Bluefish, also abundant in Martha’s Vineyard waters, works well in this dish, too.

Ingredients
1 cup pesto
1-1/2 cups plain breadcrumbs
4 tablespoons vegetable oil, divided
4 8-ounce fillets striped bass or bluefish, skin on

Directions
Place pesto and breadcrumbs into two separate shallow dishes. Divide vegetable oil into two medium-size frying pans over medium-high heat. Press each portion of fish, skin side up, into pesto and then into breadcrumbs. Place fish, crumb side down, into the hot oiled frying pans and sear 3 minutes.

Turn fish and cook 4 to 5 minutes.

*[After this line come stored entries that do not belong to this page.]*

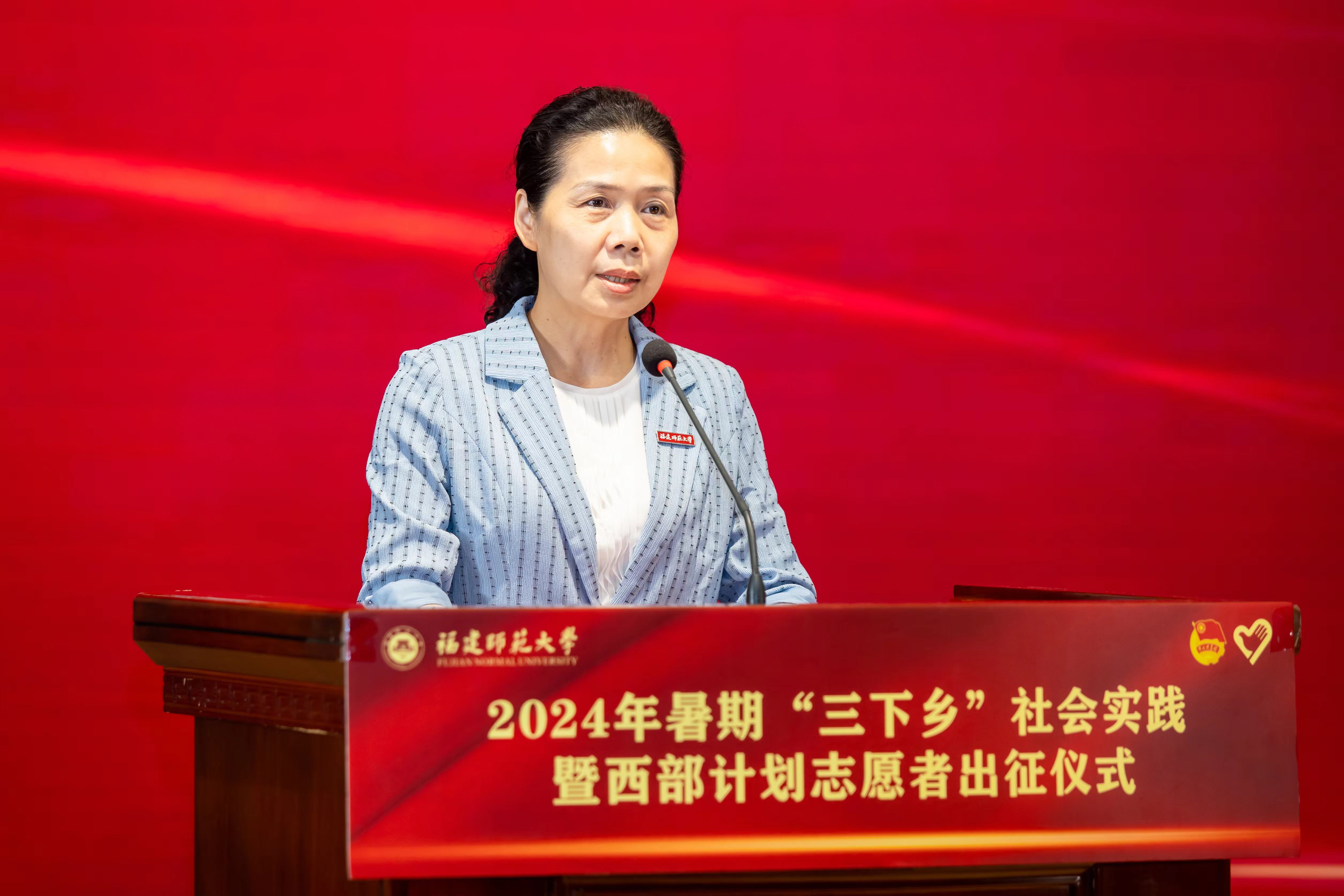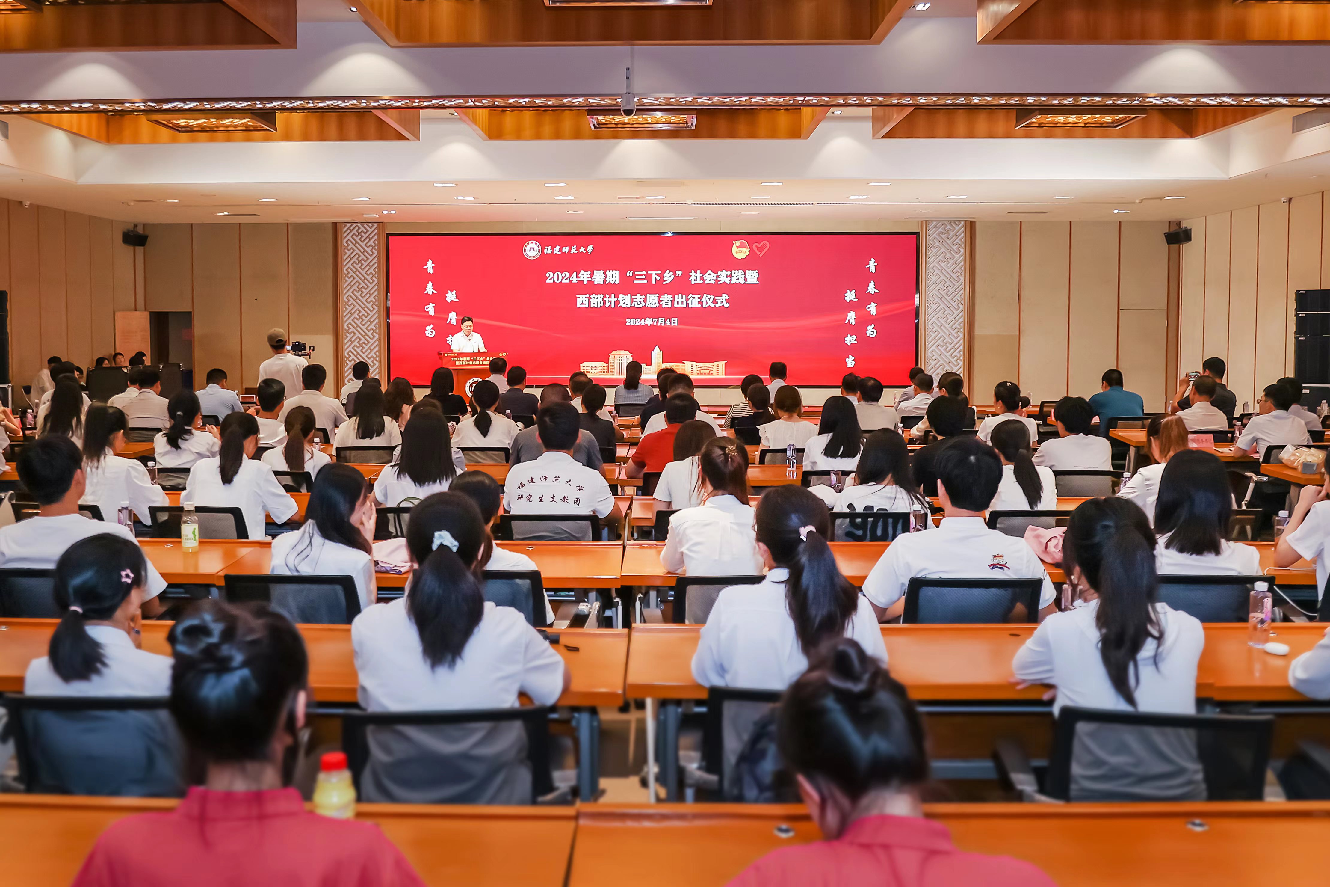仪式于7月4日在旗山校区宏达厅举行,校党委副书记陈晓红,宣传部、学生工作部、教务处、研究生院、校团委负责人,各学院分管学生工作负责人、团委负责人、社会实践队及西部计划志愿者代表参加。
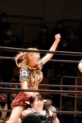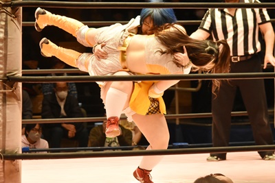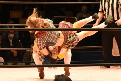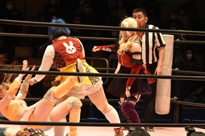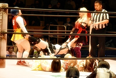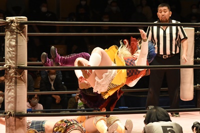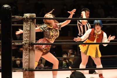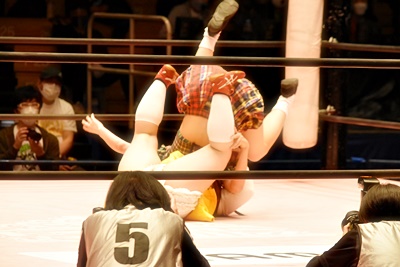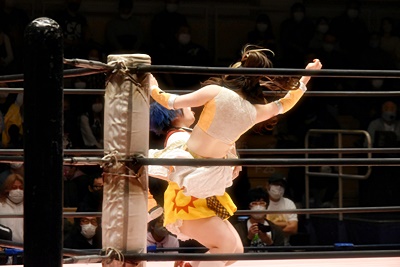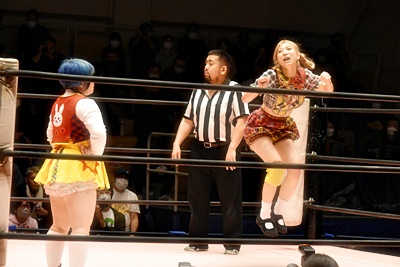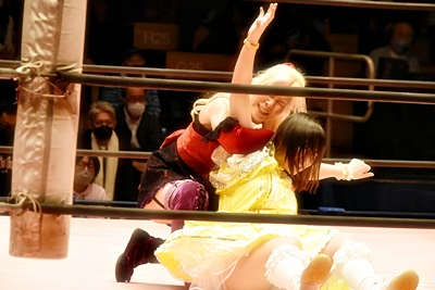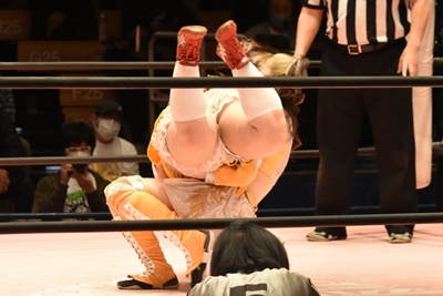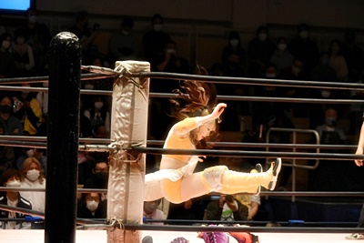 ユキサイドスープレックス狙う、らくブロックしてコーナーに振る、ユキ切り返す、らくコーナーに飛び乗ってダイビング脳天チョップ(右写真)、マリカにタッチ。
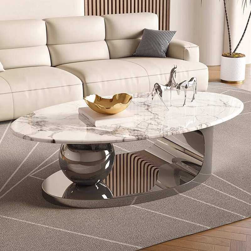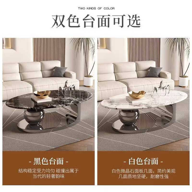 不锈钢 意式轻奢微晶石单茶几组合家具简约现代客厅小户型2024新
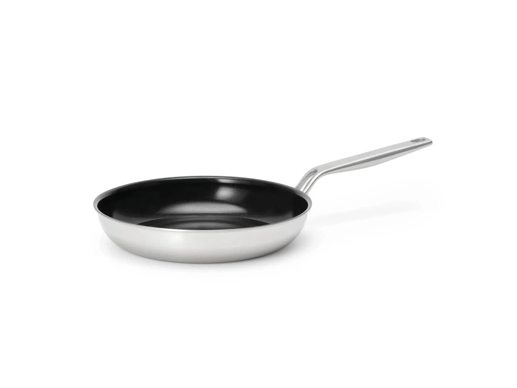 Гответе качествено и удобно на тиган от неръждаема стомана с незалепващо керамично покритие. Многослойната неръждаема стомана осигурява перфектно разпределение и задържане на топлината, като нагрява храната чак до краищата. А керамичното покритие предлага комфортно готвене без залепване.
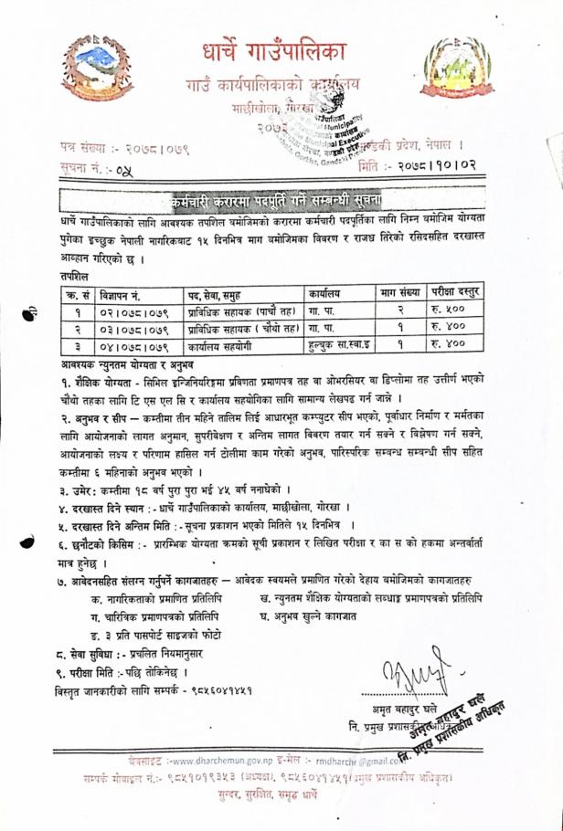 कर्मचारी कारारमा पदपूर्ति गर्ने सम्बन्धि सुचना !!!
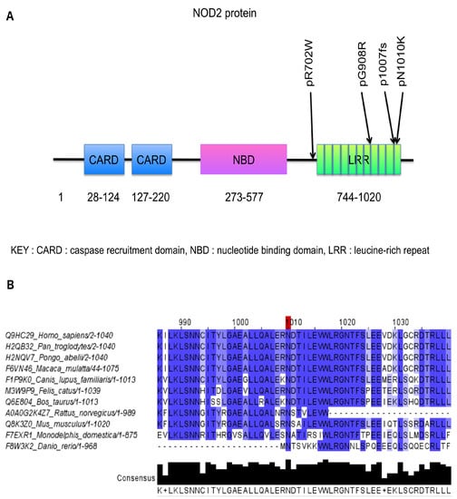 (A) Location of the p.R702W (rs2066844), p.G908R (rs2066845), p.L1007fs (rs2066847) and p.N1010K NOD2 protein-altering variations. (B) Multiple alignments for the amino acid sequence of the NOD2 proteins in 11 species in agreement with a conserved amino acid.
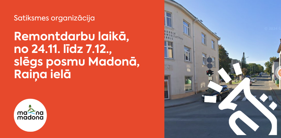 Minētajā laika posmā tiks slēgta satiksme Raiņa ielā, Madonā, 20 m garā posmā no krustojuma ar Saules ielu, līdz iebrauktuvei privātīpašuma stāvlaukumā ar adresi Saules iela 15.
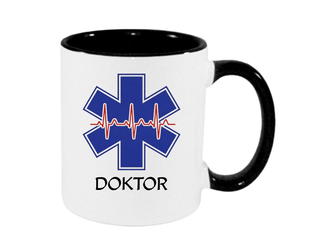 Elegantní hrnek s lékařským symbolem a nápisem DOKTOR. Důstojný doplněk na pracovní stůl do ordinace.
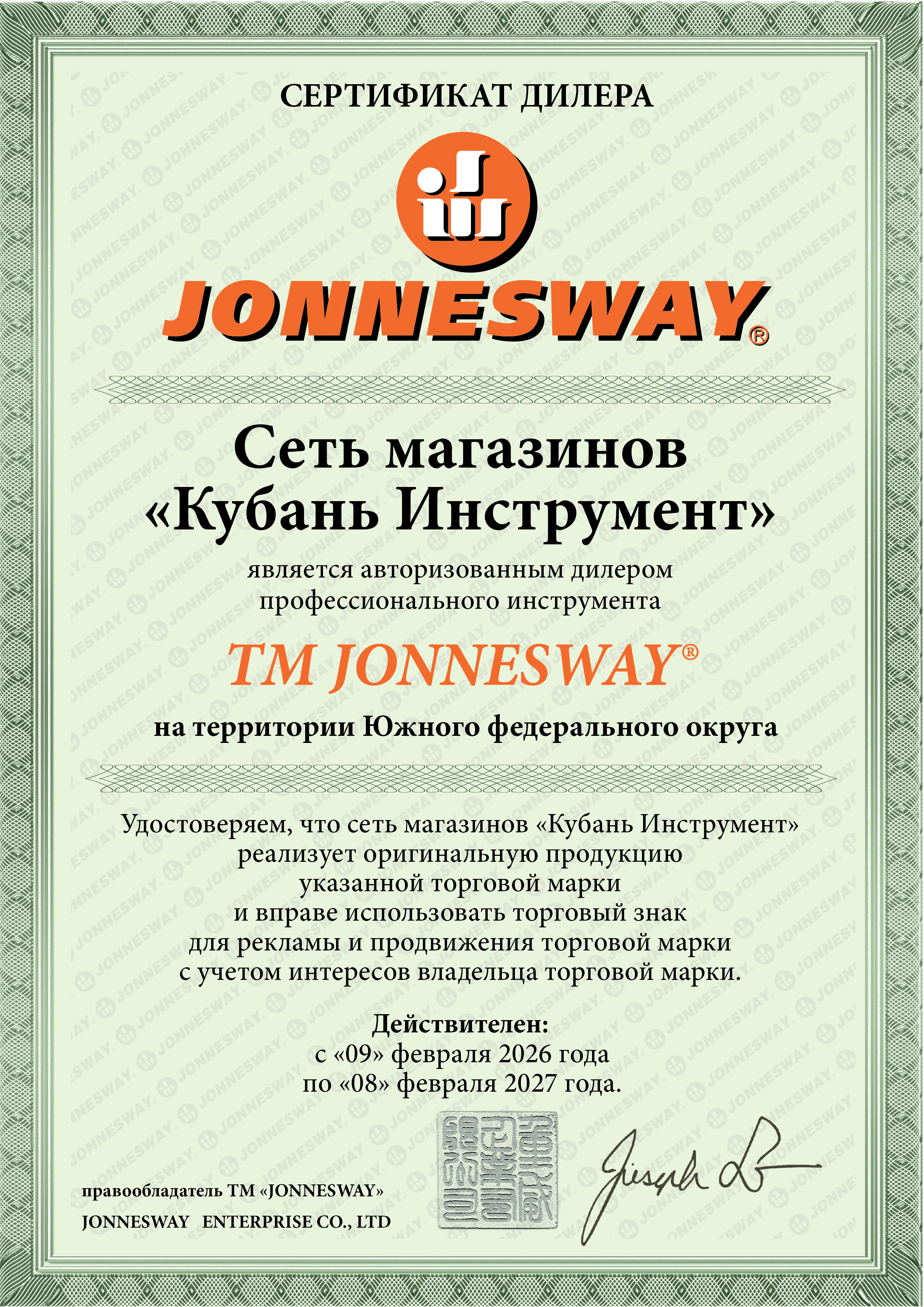 Jonnesway – профессиональный ручной инструмент из Тайваня. Производится в соответствии с общепринятыми стандартами ANSI, DIN, ГОСТ. Качество и долговечность подтверждаются пожизненной гарантией, которая дается практически на всю продукцию. Концепция One Step Shopping подразумевает широкий ассортимент, из которого мастер может выбрать все необходимое для работы у одного производителя.
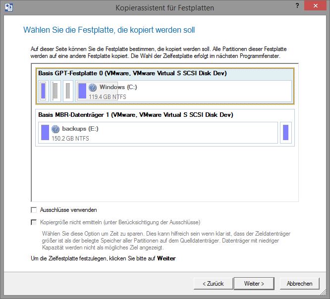 4. Wählen Sie eine Festplatte (falls mehrere), auf die alle Daten der Quellplatte kopiert werden sollen.
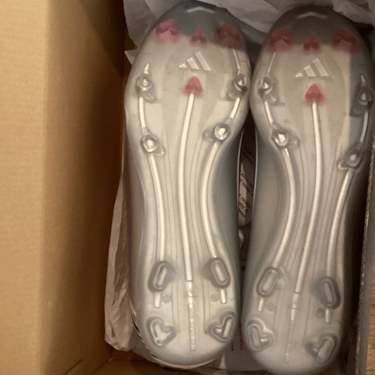 ApplePayThese league cleats have a lightweight synthetic upper for durability and comfort with every move. A textile lining adds a soft feel for extended wear. Messi-inspired design combines tailored fit and engineered details for precision and speed. F50 DESIGN: The most modern and performance-oriented technology integrated into the design, featuring a refreshed upper graphic for a lightweight sensation and engineered details to unlock game-changing speed PATTERN DESIGN: Made for mobility with a design tailored to Messi's preferences in fit and performance SYNTHETIC UPPER: Lightweight synthetic upper for durability and comfort MULTI-GROUND SOCCER OUTSOLE: Show your skills on multiple surfaces with a versatile outsole made for artificial grass, firm ground and hard ground. Size: Mens 6 1/2, women’s 7 1/2. These cleats do come with laces.
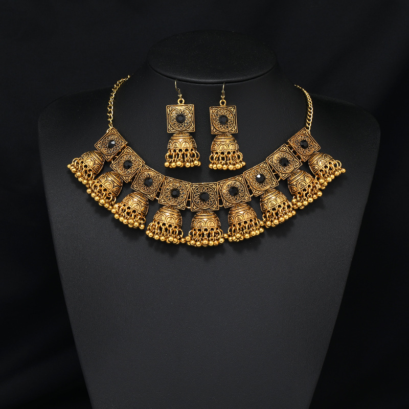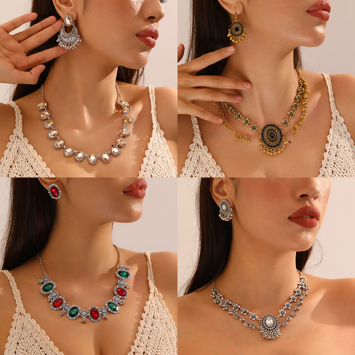 European and American Retro Distinctive Clavicle Chain Short Temperament Indian Ethnic Style Necklace Bohemian Earrings suit Women
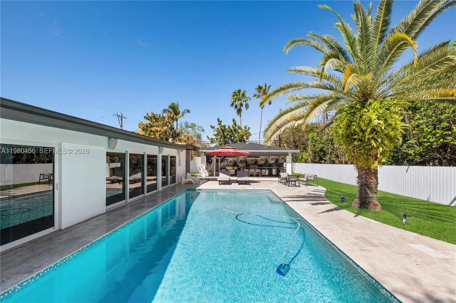 Your Pinecrest dream is now available for rent. This completely renovated corner home sits on nearly 21,000 sqft of gated paradise. The main residence features 4 bedrooms & 3 full baths. The approx. 420 sqft guest house is complete with a full bath & flexible space perfect for a home gym, office, or guest suite. The summer kitchen is incredible with everything you can imagine. Your private pool, barbecue, & outdoor dining area create the perfect setting for entertaining. This home is completely move-in ready with custom remodeling throughout & an incredible garage featuring built-in storage. Nestled in Pinecrest, one of Miami's most sought-after neighborhoods, with access to the best public & private schools that Pinecrest has to offer. World-class dining & shopping are moments away.
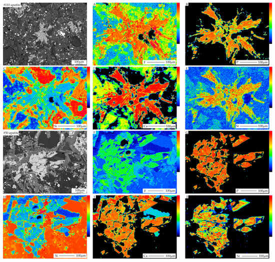 Backscattered electron (BSE) images and X-ray element maps of #110 apatite crystals from the #110 dike kimberlites and the #50 apatite from the #50 root-zone kimberlites. The color scale to the right of each panel indicates the relative concentration of each element, i.e., cool colors (blue, black) denote low concentrations, and warm colors (red, orange) denote high concentrations. The warmness or coolness of the colors is only relative, reflecting the difference in concentration between apatite and its surrounding matrix (A–J).
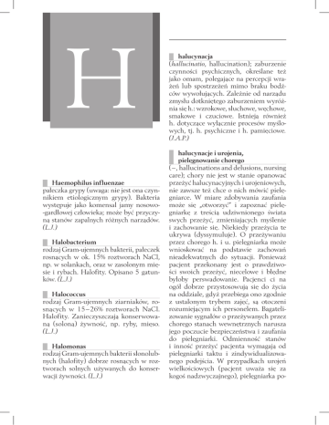 H Haemophilus influenzae pałeczka grypy (uwaga: nie jest ona czynnikiem etiologicznym grypy). Bakteria występuje jako komensal jamy nosowo-gardłowej człowieka; może być przyczyną stanów zapalnych różnych narządów. (L.J.) Halobacterium rodzaj Gram-ujemnych bakterii, pałeczek rosnących w ok. 15% roztworach NaCl, np. w solankach, oraz w zasolonym mięsie i rybach. Halofity. Opisano 5 gatunków. (L.J.) Halococcus rodzaj Gram-ujemnych ziarniaków, rosnących w 15–26% roztworach NaCl. Halofity. Zanieczyszczają konserwowaną (soloną) żywność, np. ryby, mięso. (L.J.) Halomonas rodzaj Gram-ujemnych bakterii słonolubnych (halofity) dobrze rosnących w roztworach solnych używanych do konserwacji żywności. (L.J.) halucynacja (hallucinatio, hallucination); zaburzenie czynności psychicznych, określane też jako omam, polegające na percepcji wrażeń lub spostrzeżeń mimo braku bodźców wywołujących. Zależnie od narządu zmysłu dotkniętego zaburzeniem wyróżnia się h.: wzrokowe, słuchowe, węchowe, smakowe i czuciowe. Istnieją również h. dotyczące wyłącznie procesów myślowych, tj. h. psychiczne i h. pamięciowe. (J.A.P.) halucynacje i urojenia, pielęgnowanie chorego (–, hallucinations and delusions, nursing care); chory nie jest w stanie opanować przeżyć halucynacyjnych i urojeniowych, nie zawsze też chce o nich mówić pielęgniarce. W miarę zdobywania zaufania może się „otworzyć” i zapoznać pielęgniarkę z treścią udziwnionego świata swych przeżyć, zmieniających myślenie i zachowanie się. Niekiedy przeżycia te ukrywa (dyssymuluje). O przeżywaniu przez chorego h. i u. pielęgniarka może wnioskować na podstawie zachowań nieadekwatnych do sytuacji. Ponieważ pacjent przekonany jest o prawdziwości swoich przeżyć, niecelowe i błędne byłoby perswadowanie. Pacjenci ci na ogół dobrze przystosowują się do życia na oddziale, gdyż przebiega ono zgodnie z ustalonym trybem zajęć, są otoczeni rozumiejącym ich personelem. Bagatelizowanie sygnałów o przeżywanych przez chorego stanach wewnętrznych narusza jego poczucie bezpieczeństwa i zaufania do pielęgniarki. Odmienność stanów i inność przeżyć pacjenta wymagają od pielęgniarki taktu i zindywidualizowanego podejścia. W przypadkach urojeń wielkościowych (pacjent uważa się za kogoś nadzwyczajnego), pielęgniarka po- halucynoza 288 winna ochronić go przed porażką, nie pobudzając do współzawodnictwa i rywalizacji z innymi chorymi, mającymi także urojenia wielkościowe, gdyż wymaga to szczególnej koncentracji intelektualnej ze strony pacjenta. Umiarkowana koncentracja (liczenie, odmierzanie, przepisywanie) jest wskazana, by nie pozostawiać choremu czasu na rozważanie urojeń. W terapii zajęciowej pielęgniarka powinna odpowiednio łączyć chorych: skłonni do agresji i dominacji nie mogą pracować z chorymi depresyjnymi i lękowymi, gdyż ich ekspansywność może pogłębiać te stany. Pielęgniarka powinna obserwować tych chorych, którzy mogą zagrażać sobie lub innym, posługując się narzędziami pracy. Ważne jest przewidywanie i zapobieganie agresji, autoagresji i czynom impulsywnym. W sytuacjach, gdy pacjent czuje się zagrożony, może atakować innych, może usiłować popełnić samobójstwo, ponieważ się boi. (K.K.) transmitter, który zwiększa przepuszczalność błony dla jonów K+ i Cl–. Jony K+ wychodzą z wnętrza neuronu, jony zaś Cl– wchodzą do jego wnętrza, powodując zwiększenie ujemnego potencjału elektrycznego wewnątrz neuronu. W czasie trwania h.p.p. pobudliwość neuronu jest obniżona, co jest równoznaczne z jego hamowaniem. H.p.p., podobnie jak pobudzający potencjał postsynaptyczny, wykazuje sumowanie czasowe i przestrzenne. H.p.p. jest wywoływany przez transmittery hamujące. Zalicza się do nich kwas gamma-aminomasłowy (GABA) i glicynę. (A.M.N.) halucynoza (hallucinosis); termin stosowany najczęściej w odniesieniu do zespołu psychopatologicznego (omamica) o różnej etiologii, np. infekcyjnej lub alkoholowej, charakteryzującego się dominującymi w obrazie klinicznym halucynacjami. Mianem h. określa się czasem pojedyncze zmysłowe przeżycia omamowe, występujące przy zachowanym poczuciu nierealności odbieranych postrzeżeń (halucynoidy, halucynacje neurologiczne). (J.A.P.) hapten (–, hapten); mała cząsteczka, sama niezdolna do działania antygenowego i wywołania → odpowiedzi immunologicznej, ale mogąca ją wywołać po połączeniu z białkiem, zwanym nośnym lub nośnikiem. H. mogą być substancje nieorganiczne, lipidy, kwasy nukleinowe, niektóre leki (penicylina) i in., białkiem nośnym są natomiast m.in. białka surowicy, skóry, błony komórkowej → krwinek czerwonych i → płytek krwi. (T.S.) hamujący potencjał postsynaptyczny (–, IPSP – inhibitory postsynaptic potential); zwiększenie spoczynkowej różnicy potencjałów błony komórkowej neuronu wywołane aktywnością synapsy hamującej. Synapsa hamująca uwalnia haploid (–, haploid); komórka lub organizm z pojedynczym genomem (pojedynczym zestawem chromosomów). U człowieka takie komórki mogą powstać w warunkach patologicznych, np. w rozroście nowotworowym. (J.R.K.) HbA1c → hemoglobina glikowana HBAb (–, hepatitis B antibody); przeciwciało skierowane przeciw antygenowi wirusa zapalenia wątroby typu B, HBAg. (L.J.) 289 HBAg (–, hepatitis B antigen); antygen wirusa zapalenia wątroby typu B. (L.J.) HBcAg (–, hepatitis B central antigen); antygen rdzeniowy wirusa zapalenia wątroby. (L.J.) HBeAg (–, hepatitis B entire antigen); antygen e hepadnawirusa nr 1 (odmienny od HBsAg i HBcAg). (L.J.) HBsAb (–, hepatitis B spherical antibody); przeciwciało antygenu powierzchniowego wirusa zapalenia wątroby typu B. (L.J.) HBsAg (–, hepatitis B spherical antigen); antygen powierzchniowy hepadnawirusa nr 1. (L.J.) HBV (hepatitis B virus); wirus zapalenia wątroby typu B. (L.J.) hematoksylina i

Arrange on serving plates and top with Tomato Vinaigrette.

Tomato Vinaigrette
Ingredients
4 medium tomatoes, cut into half-inch chunks
1 small red onion, diced
3 scallions, finely sliced
6 fresh basil leaves, cut into thin strips
1/2 cup white balsamic vinegar
1/2 cup extra-virgin olive oil
Kosher or sea salt and freshly ground black pepper

Directions
Combine all recipe ingredients in a non-aluminum bowl and let stand, covered, at room temperature 30 minutes.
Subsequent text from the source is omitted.